J. C. Smith, CEO of Thompson Reuters: “Digital identity is the building block towards trusted access, authentication and privacy,”
From Digital identity paves way for trusted access, authentication and privacy says CISCO CEO at Davos
Mr. Smith is surely correct. All of the characteristics that we are interested in at the customer level (eg, privacy) can only be delivered through a digital identity layer that forms a fundamental platform for a wide variety of services and in response to a wide variety of use cases. To illustrate just how wide, consider the four use cases that I always put up to test the completeness of any digital identity vision that I am presented with: multiple identities, witness protection, whistleblowing and adult services. Each of these four examples imposes very different demands on digital identity and any practical digital identity system has to cope with all of them in ways that should be determined by society, not by technologists.

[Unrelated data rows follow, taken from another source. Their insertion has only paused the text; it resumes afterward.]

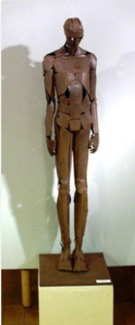
Staande figuur door Berth Van Poucke.
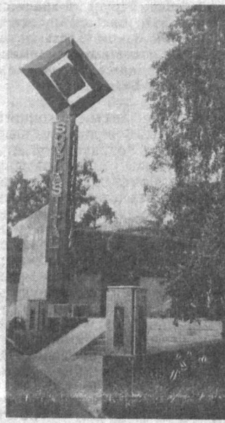
НА СНИМКАХ: Москва, улица Латынина Бабушкина, 9. Магазины «Совпласттала».
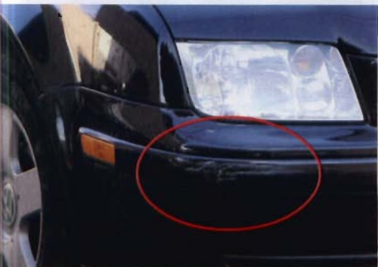
ZERSCHRAMMT Versicherungsbetrüger stellen sich mit bereits zerdellten Wagen in Parklücken und schieben die Schäden dann unschuldigen Autofahrern unter
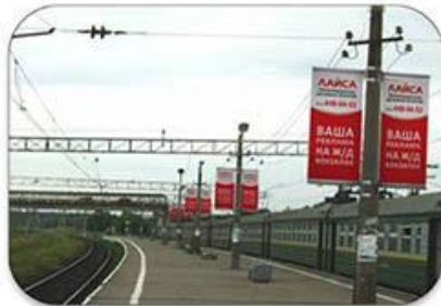
Рекламные конструкции на пригородных станциях
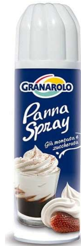
X4400 - PANNA SPRAY GRANAROLO ML 250 X 12
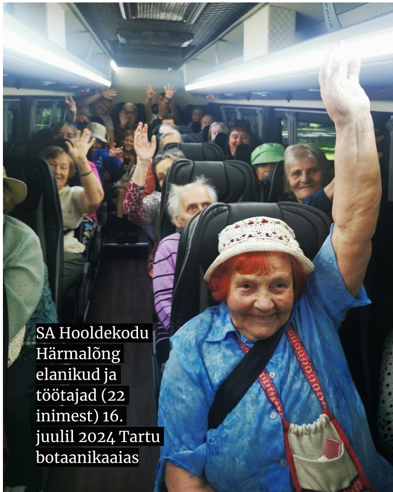
SA Hooldekodu Härmaalõng elanikud ja töötajad (22 inimest) 16. juulil 2024 Tartu botaanikaaias
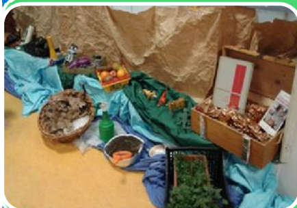
Isola della VISTA
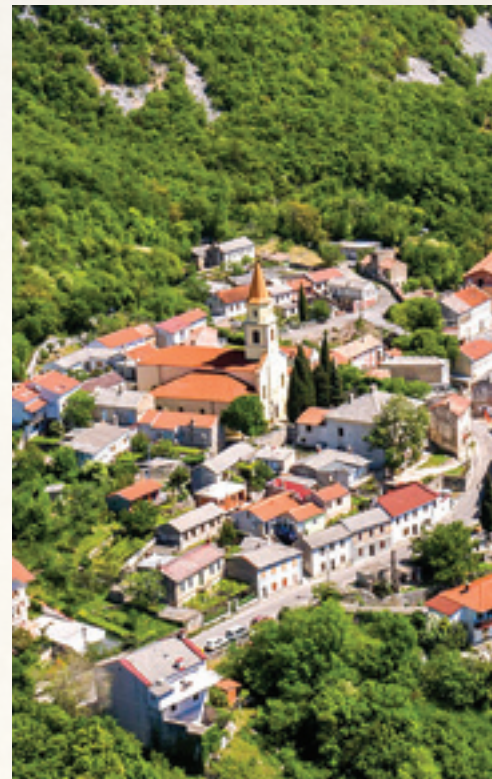
Crkva sv. Andrije u Bakru srušena je u potresu 1750. Svoj današnji izgled treća po veličini crkva u Hrvatskoj, a od nje su monumentalnije samo zagrebačka prvostolnica i đakovačka katedrala, dobila je tek 1852. godine
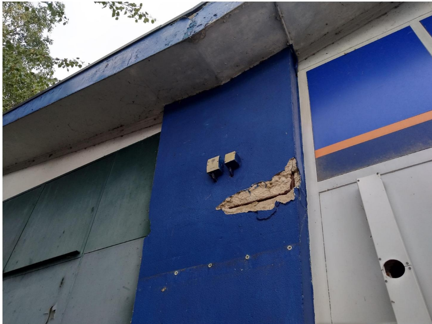
Betonrot betonkolom zuidgevel
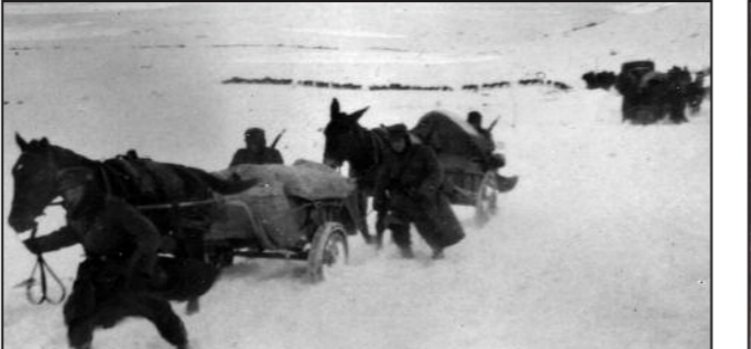
Snøstorm ved Litsa, med orkanbyger som varte i tre dager. Mange soldater, både sovjetiske og tyske, frøs i hjel.
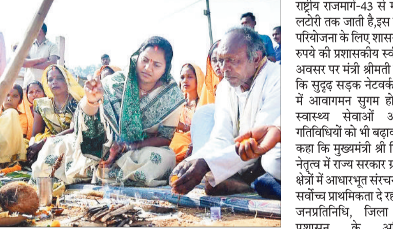
इसके पश्चात उन्होंने ग्राम महेशपुर में 5.80 मजबूतीकरण कार्य की शुरुआत पूजा-अर्चना के साथ की, यह सड़क सिलफोली किलोमीटर सड़क के चौड़ीकरण एवं
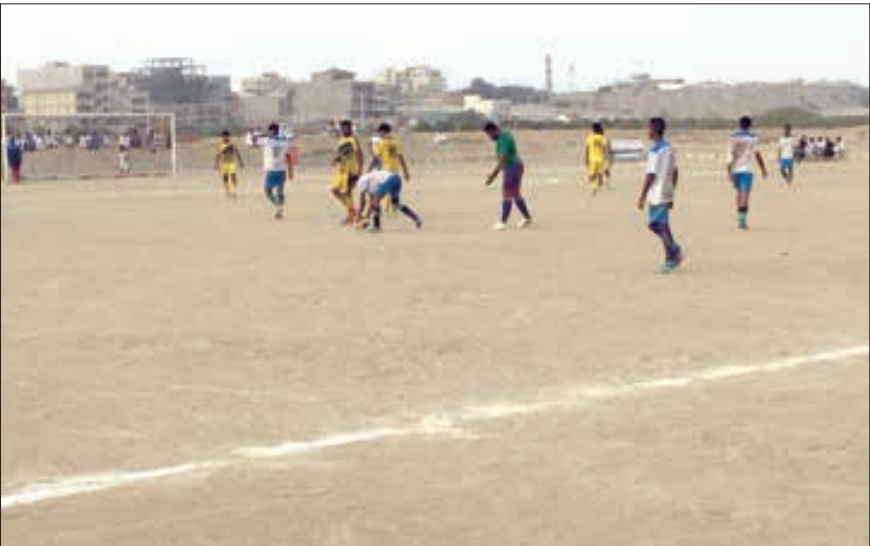
در این تورنمنت تیم ها در ۱۵ دیدار رقابت کردند که در پایان دو تیم خلیج فارس چابهار و هلال احمر نیکشهر به مرحله فینال رسیدند

یکی دیگر از تماشاچیان می گوید: در این رقابت ها تیم هایی
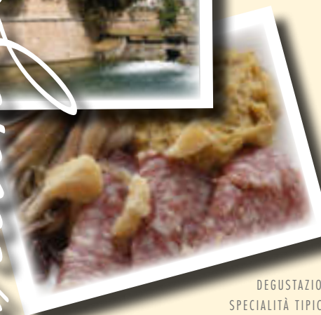
DEGUSTAZIONE SPECIALITÀ TIPICHE

VI ASPETTIAMO PER VIAGGIARE NEL TEMPO, TRA COLORI E SAPORI DELLA TRADIZIONE VENETA.
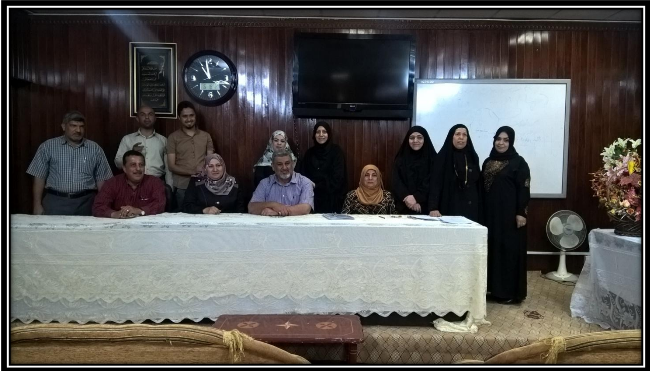
(( في ختام الدورة نخبة من الأساتذة المحاضرين مع عدد من المرشدين التربويين المشاركين في الدورة يوم الخميس الموافق ٢٠ / ٤ / ٢٠١٧ ))
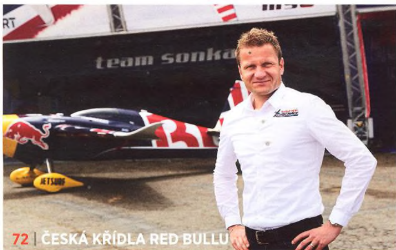
72 | ČESKÁ KŘÍDLA RED BULLU
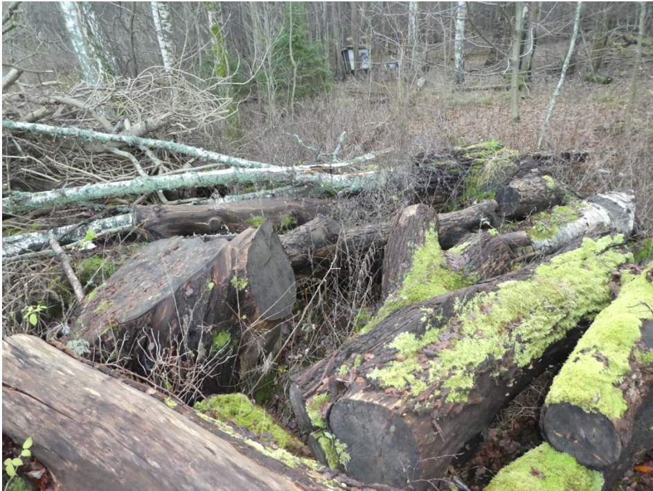
Figur 6. Biodepån vid Grästuvevägen.

Här ligger ett 30-tal grova - mycket grova stockar i en lövblandskogskant med björk, sälg och al utvräkt i en stor bråte tillsammans med ris och klenved i hög vegetation av sly, hallon, nässlor med mera. Stockarna ligger tämligen beskuggat, och trädslagen utgörs främst av knäckepil, bok och björk. Nedbrytningsgraden är varierande, men många stockar är relativt färska med kvarsittande bark. Få vedsvamparter hittades, endast 17 stycken, varav inga kan betraktas som särskilt naturvårdsintressanta eller ovanliga.
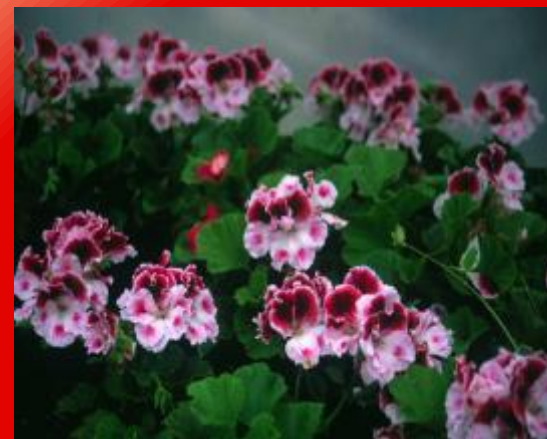
с короткими стеблями
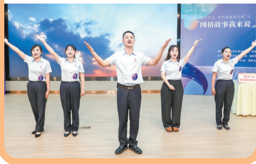
▲嘉福社区表演节目《穿越时空的对话》。
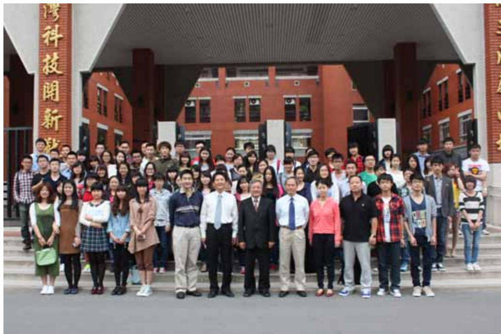
●擴大採認學歷也有助於招收陸生

生 286 萬為多。因大陸地區限制各地專科生升大學本科之招生規模在當年應屆畢業生的 5% 以內，使得大陸專科畢業生升學遇到困境，因此，許多專科畢業生赴海外修習學位。而臺灣技職教育素享盛名，優質且完整，兩岸文化、語言相通，如開放大陸專科生來臺就讀，不僅能宣揚臺灣技職教育之「務實致用」及「符合產業需要」導向，業界師資協同教學縮短學用落差、在校生校外實習、教學設施齊全等特色，同時也促進國內技職院校招生來源多元化，提升我技職校院的影響力。
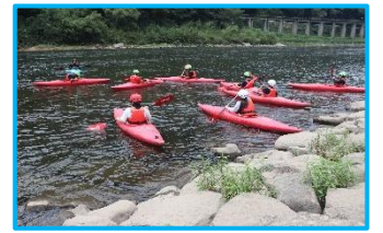
カヌー体験学習(全学年)
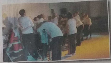
Der Applaus während und nach den Tänzen und einigen Tränen der Zuschauer zeigte, dass es allen gefallen hat. Glücklich und zufrieden wurde am Abend der Sportlerball gefeiert und alle in ihre wohlverdiente Weihnachtspause geschickt.

den Weihnachtstänzen aller Gruppen, bis zu einer Liebeserklärung der Muttis an ihre Kinder war unsere Show abwechslungsreich und gelungen.
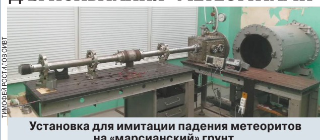
Установка для имитации падения метеоритов на «марсианский» грунт.

Эксперимент по моделированию марсианского грунта и испытанию его на деформацию и распространение ударной волны от падения «метеоритов» провели в Москве специалисты Института геохимии и аналитической химии В. И. Вернадского РАН (ГЕОХИ). Объединенного института высоких температур РАН (ИВТ) и Института космических исследований РАН.
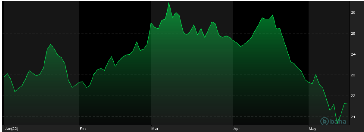
Notowania cen srebra, YTD

W przypadku obu kruszców, zarówno wcześniejsza seria niżek, jak i obecne odbicie notowań w górę, są powiązane z wpływem amerykańskiego dolara na wyceny tych metali. Dolar zyskiwał na wartości w ostatnich tygodniach, docierając do najwyższych poziomów od około dwóch dekad i wywierając presję na ceny wielu surowców, z metalami szlachetnymi na czele. Jednak obecnie wzrost wartości dolara wyhamował, co stworzyło pole do odbicia w górę notowań złota i srebra.
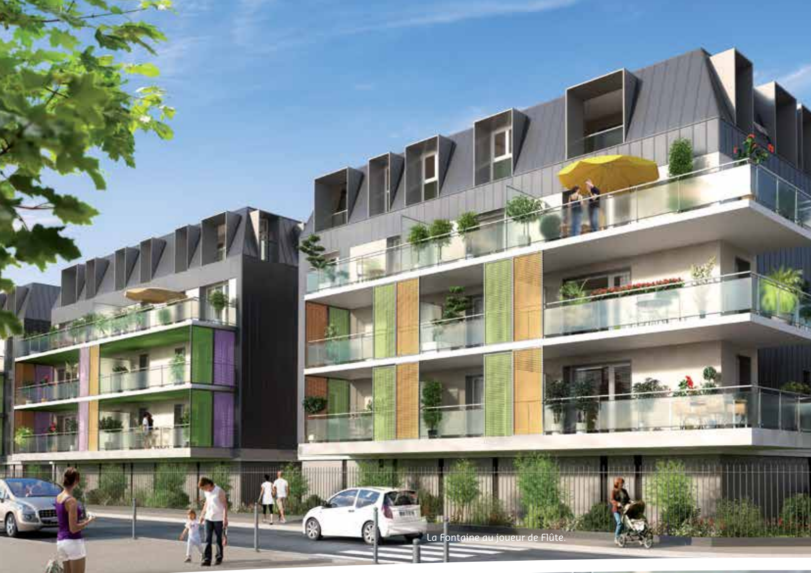
La Fontaine au joueur de Flûte.
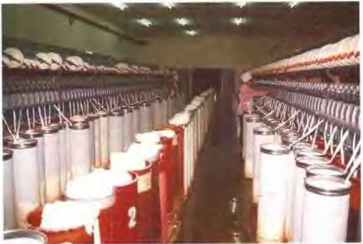
清平汽流纺纱厂并条车间
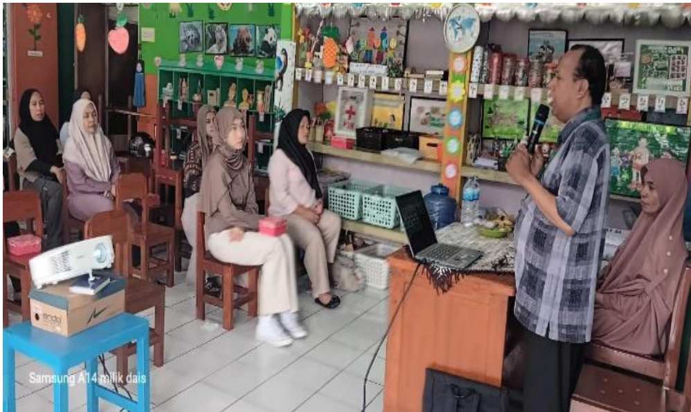
Gambar 2. Penyaji memberikan materi tantrum

“Digital identities and access systems are foundational elements of our shared digital future” said Derek O’Halloran, Head, World Economic Forum System Initiative on Shaping the Future of Digital Economy and Society.
From Digital Identity – Why It Matters and Why It’s Important We Get It Right | World Economic Forum
Mr. O’Halloran is surely correct. I like this framing of issue as shared digital future, because it reinforces the point that digital identity must be shaped by a shared vision that necessarily encompasses some difficult issues. We all understand there are wide cultural differences in how identity is conceptualised and animated. There is no single position on surveillance, to choose an obvious case, that we can use to set all of the requirements. Meeting these varied needs is a really challenge to those of trying to formulate ideas about how to fix the “identity problem”.
Digital identity is relevant in a wide range of situations that require people and entities to prove who they are
From Digital Identity – Why It Matters and Why It’s Important We Get It Right | World Economic Forum
This is, frankly, wrong. And it illustrates just how important it is to build the right conceptual framework around digital identity before we rush to deploy biometrics, bots and blockchains to fix the identity problem referred to above. It is wrong because in almost all of the situations where digital identity is needed in the modern world, it is not to demonstrate who you are but to demonstrate what you are: an employee, a citizen, a subscriber, a member of the club, an adult and so on. One of the most profound elements of the new identity paradigm is to separate the binding of digital identity to real entities from the binding of digital identity to credentials used to enable transactions (and the authentication of the holders of those transactions). You can see this separation clearly in the structure of the draft NIST Digital Identity Guidelines (SP-800-63-3).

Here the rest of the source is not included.